Machine Learning Application: Classification and Summarization of Legal Documents

Subject Areas

Artificial Intelligence; Data Analysis; Data Science; Machine Learning; Web Application


Objectives

To apply the concept of text mining into the industry of law; Creating a model that allows quick and accurate classification and summarization of legal case documents

Abstract

This research project aims to utilize text mining and machine learning technology to address the mentioned above concern. Legal documents are often complicated and difficult to be understood by commoners (Howe and Wogalter, 1994). The project is meant to create a machine learning system which produces a categorized and summarized information derived from the original legal documents. The simplified document produced by the model is designed to ease the understanding of the legal documents. The research aims to build a predictive machine learning model by utilizing a series of algorithm to produce a comprehensive automatic summarization machine. Blei, Ng and Jordan's (2003) Latent Dirichlet Allocation algorithm is implemented for identifying the major topics of the legal documents. Word2vec technique (Mikolov et al, 2013) is applied afterwards to convert sentences into vector matices, generating a feature space for LexRank algorithm (Erkan and Radev, 2004) to compute connectivity matrix of intra sentences based on IDF-modified-cosine formula to summarize the corpus. The extracted information is consolidated into a single coherent document at the final stage.

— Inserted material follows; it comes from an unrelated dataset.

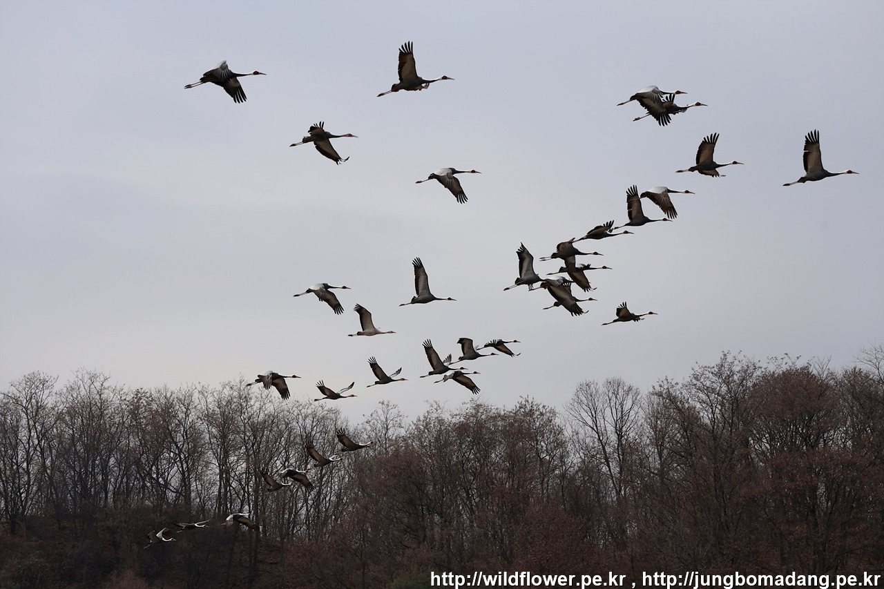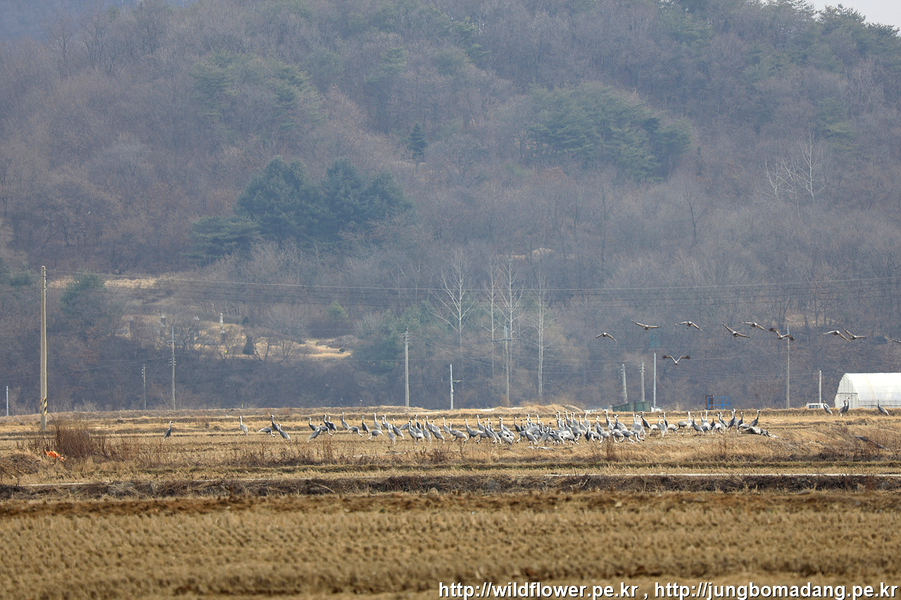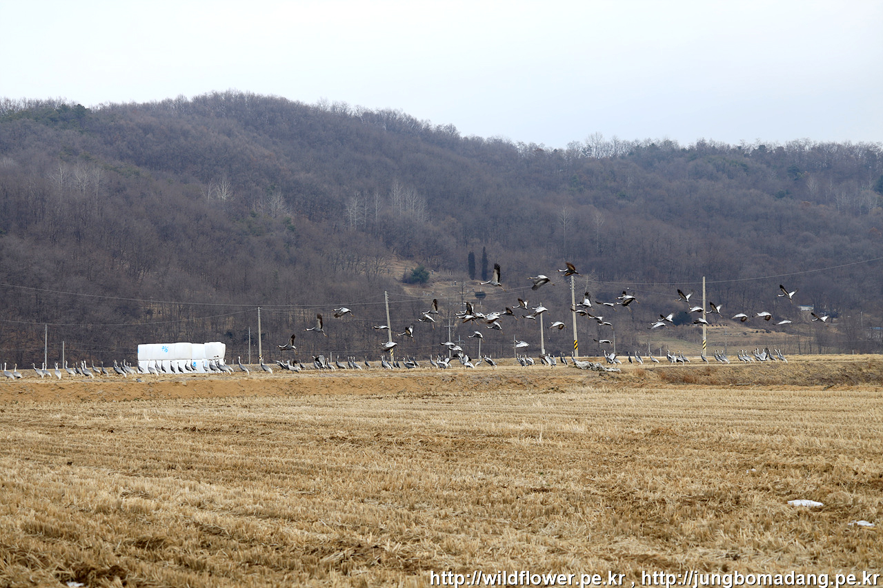 재두루미 비상 - 많은 무리의 재두루미들이 다행히(?) 제가 가는 방향으로 이동하네요.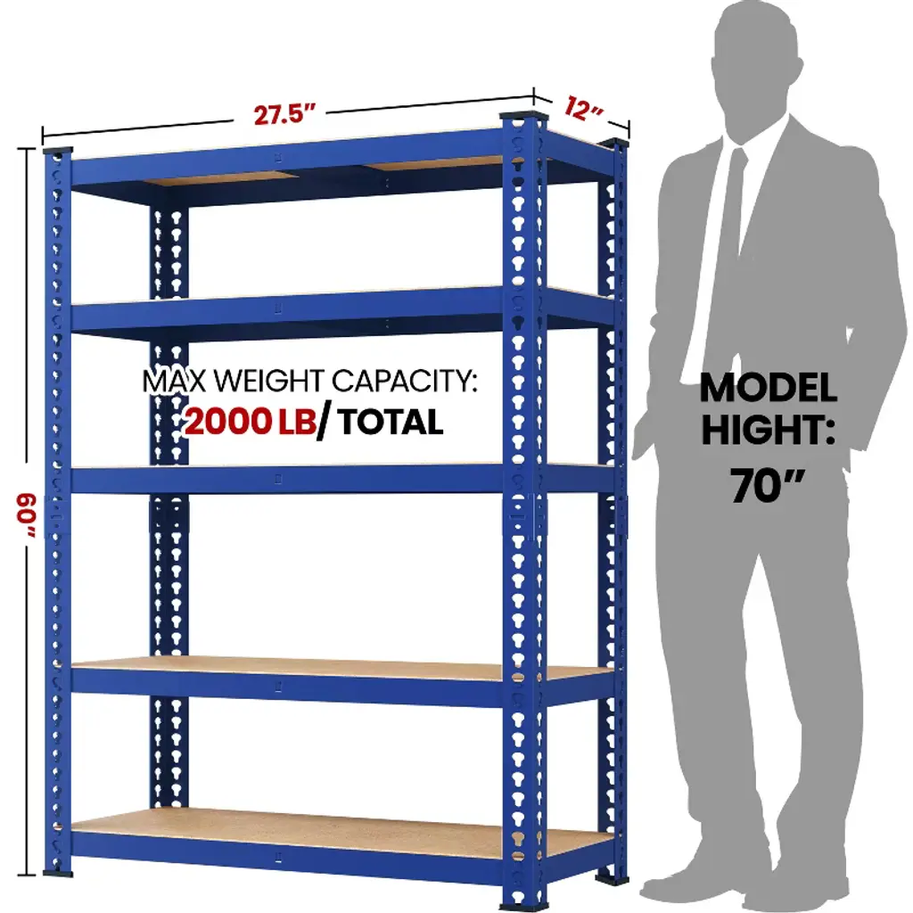 This firm, universal boltless storage shelf is designed for convenient assembly. It is a metal-frame storage rack with a maximum weight capacity of up to 386 lb per shelf. The storage shelves are made from thick MDF for placing items. This black storage shelving can be disassembled to save more space and for convenient transport. The frame can be adjusted to fit various items to be used for storage or display. It can be used in the garage, balcony, kitchen, etc. Specifications: Colour: Dark Grey, Light Grey, Blue, Silver, Black, Neptune BlueMaterials: iron frame with powder coated, MDF BoardsOverall Dimensions: 27.5" L × 12" W × 60" HMax Weight Capacity (per shelf): 330 lb Please see the image for exact measurements.Please allow ±0.5" measurement tolerance.A rubber mallet is recommended for assembly. The rubber mallet is not included. Thanks for your understanding!

Improving the accuracy of low-quality eye tracker

Subject Areas

Computer Vision; Machine Learning


Objectives

To improve the accuracy of low-quality eye tribe tracker

Abstract

Eye tracking, refers to the process of measuring the eye gaze. An eye tracker is a device for measuring the position of eye gaze. The increased accuracy and accessibility of eye-tracking technologies in recent years have made it popular in many applications such as web usability, automotive driving and advertising. Recently, there are also new eye tracking applications appearing in HCI area. For example, eye tracking can be used to help the disabled to use computer efficiently, as they can jump between different applications by moving their eye fixations. However, most traditional hardware eye trackers are inconvenient to deploy in daily life. In recent years, with the rapid advancement in deep learning, some researchers have turned to Convolutional Neural Network (CNN) to do eye tracking, in which the inputs are the images of user's face or eyes and the output will be the predicted eye gaze coordinate. In this project, I aim to improve a existing eye tracking model iTracker from CSAIL for predicting the eye gaze. Since this model is trained for mobile phone, and I'd like to provide a solution for eye tracking in desktop, so I manage to port this model for computer. Afterwards, I use Kalman Smoother and CNN to process the output of iTracker to improve the accuracy of this model so that it will be capable of handling eye tracking tasks in daily scenarios.